Recibió su partija en la herencia de una tía lejana, fea, vieja, ciega y gruñona, que acababa de fallecer en León, a la que apenas conocía si no fuera por algunas referencias vagas y confusas, y de cuya falta, por más que quiso, no pudo condolerse, sino más bien alegrarse. El de Castrojeriz llegó a León siendo villano de a pie y con el empeño de volver a su pueblo caballero de a caballo: la venta de la partija se lo permitía.
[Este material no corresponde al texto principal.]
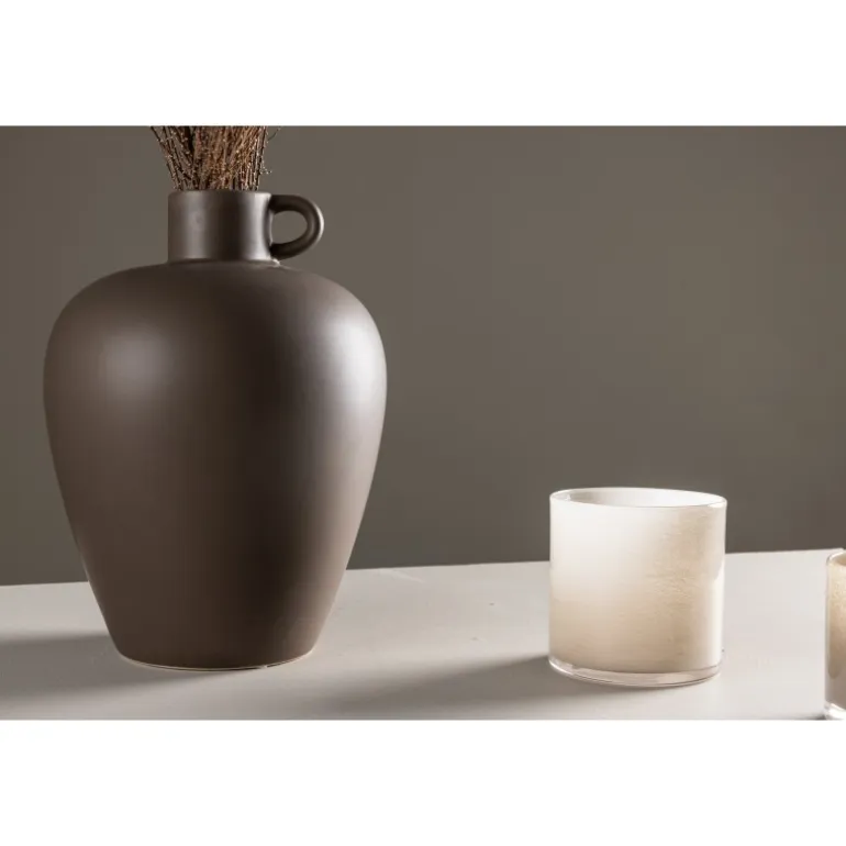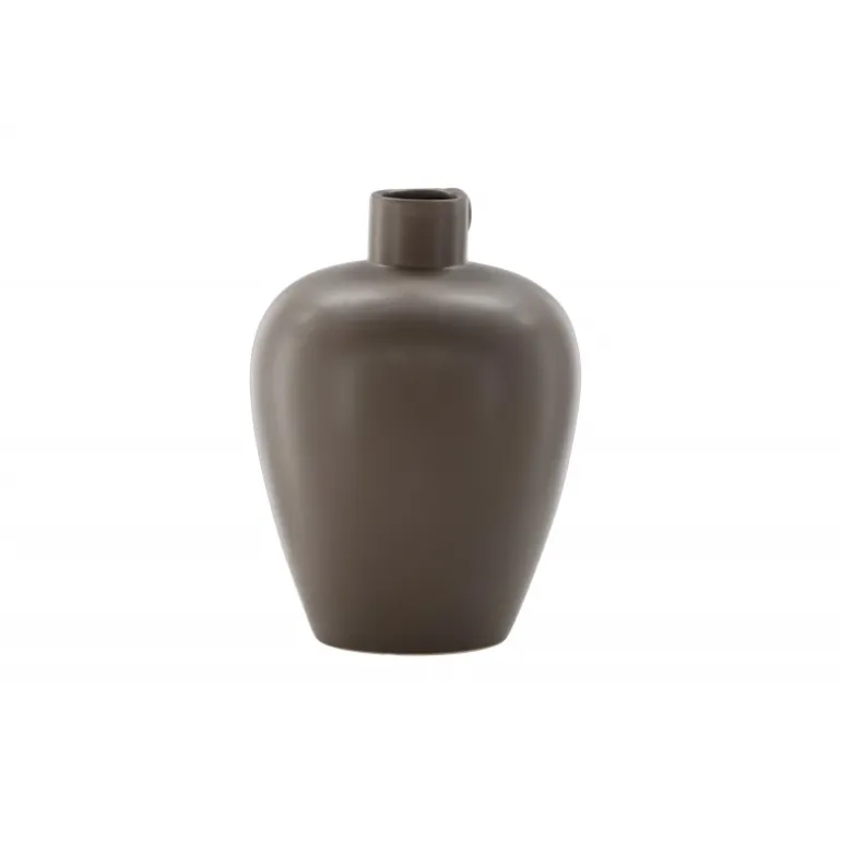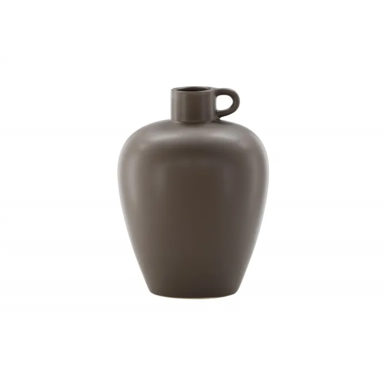 Velkommen til Cent-serien, hvor hver vase er en unik kunstnerisk skat. Cent-urnen, med sin højde på 33 cm, er en enestående del af denne kollektion. Fremstillet i robust stentøj og dekoreret i en varm brun nuance, udstråler Cent en tidløs skønhed, der vil være en værdifuld tilføjelse til dit hjem. Formet som en urne, udviser vasen en fortryllende silhuet – smallere i bunden og elegant udvidende opad. Den harmoniske kurve giver ikke kun et visuelt højdepunkt, men skaber også en stabil base til at fremvise dine blomsters skønhed på den bedst mulige måde. Et lille håndtag på den ene side tilføjer en ekstra dimension, der skaber en balance mellem funktionalitet og æstetik. Dette lille håndtag bliver et subtilt fokuspunkt og bidrager med et stilfuldt touch til vaseens samlede udseende. Uanset om du vælger at placere den alene som et kunstværk eller fylde den med blomster, vil Cent tilføje stil til din indretning. Udforsk skønheden ved Cent-serien og lad dit hjem blive beriget af dens elegance og særprægede stil.

Por aquel entonces León bullía. Era un hervidero de gente. Años atrás, Alfonso III había extendido sus reinos tomando tierras del Califato de Córdoba en cruentas batallas hasta llegar a las aguas de los ríos Mondego, Duero y Pisuerga. Su descendiente Ramiro ha convocado asamblea plena en León, coincidiendo con la gestión de la herencia que el de Castrojeriz llevaba a cabo en la misma ciudad. Acompañan a Ramiro sus hijos los infantes don Sancho y don Ordoño.
Con el dinero de la partija, el de Castrojeriz compró un potro morcillo, huesudo y de mal pelo. El vendedor, que no bajaba la tasa de sesenta sueldos, y rezongaba y rezongaba cual ajusticiado que fuera llevado camino de la horca, según tienen por costumbre los usureros de fuste y rancio abolengo, se avino, al cabo de muchas vueltas y perjurios, en veintitrés sueldos de los sesenta inicialmente pedidos; y así se cerró el trato. A la compra del jumento añadió el de Castrojeriz el aderezamiento del animal y tomó cabezada, pretil, riendas y ataharre. También hubo de adquirir, porque es obligado que caballero monte a caballo con justo lucimiento del jinete, el consiguiente escudo, espada y lanza. Para el pago se pesaron las monedas de la partija, como es fuerza hacer, pues ya se trate de sueldo galicano, de dirhem cordobés o de denario romano (que todavía el arado hace aflorar con frecuencia) la moneda vale distintamente según el peso en plata que cada pieza lleve en sí misma.
Quedó el rey Ramiro en León holgándose después del yantar en el juego del ajedrez con Oveco, obispo de León. Sentábase el obispo en un taburete de tijera y Ramiro en silla o cátedra de madera, de ancho aposento y respaldo con incrustaciones de metal y hueso. Con ventaja iba el clérigo en el juego, como por otra parte es muy natural, aunque no sea de razón.
Así, pues, quiso Dios que el rey Ramiro quedara en León y permitió que entretanto el de Castrojeriz partiera para el pueblo. Mas hete aquí que sobre más o menos a una legua de camino, esfumado ya el sahumerio que el usurero y anterior dueño propinara al jumento para mejor venderlo, entonces sacó el bruto al aire su carácter verdadero, y resultó no tan pacífico como antes pareciera, sino que, dando sainetes y volteretas, dijo “estos son mis reales” y “aquí estoy yo, que ahora me conocerán”, y, a más de revoltoso en extremo, resultó ser cojitranco, que falseaba de las manos dando grandes traspiés con mucho peligro del jinete que lo montaba. A tal extremo llegó la cosa que el caballero de a caballo se vio en la urgente precisión de poner pie en tierra, y de continuar andando por sus propios medios o piernas, hasta alcanzar el subsiguiente pueblo, cuya torre campanario se divisaba desde allí a no muy lejos.
En llegando al pueblo, trató de vender el trotón, con tan poca fortuna que nadie lo quiso tomar, si no fuera regalado y con cédula de hacerse el dueño responsable de los daños que el jumento pudiera ocasionar. Se aquietó y conformó el caballero con una acémila de paso corto y mediana edad, sobre cuyos lomos ajustó los pertrechos y demás bultos del equipaje, y de esta particular forma continuó adelante. Eso sí, liberó al caballo a poco trecho, donde había visto un arroyo y un fértil valle, y dejolo allí solo y en cueros, que se buscara la vida, que bien podría en aquella verde y vasta anchura.
Y en llegando a Castrojeriz no tardó en mercar un buen potro a un vecino suyo, que se dedicaba a criarlos para venderlos. En esta compra de ahora no habría oculto engaño ni vicio alguno, porque el vendedor era persona conocida muy de antaño, tanto él y hasta sus abuelos, y los abuelos de sus abuelos hasta la generación sexta. Y además contemplaría la cara del vecino, muy de mañana, todos los días que Dios le otorgara vida, y esta visión constituiría por sí sola sana garantía de toda compra.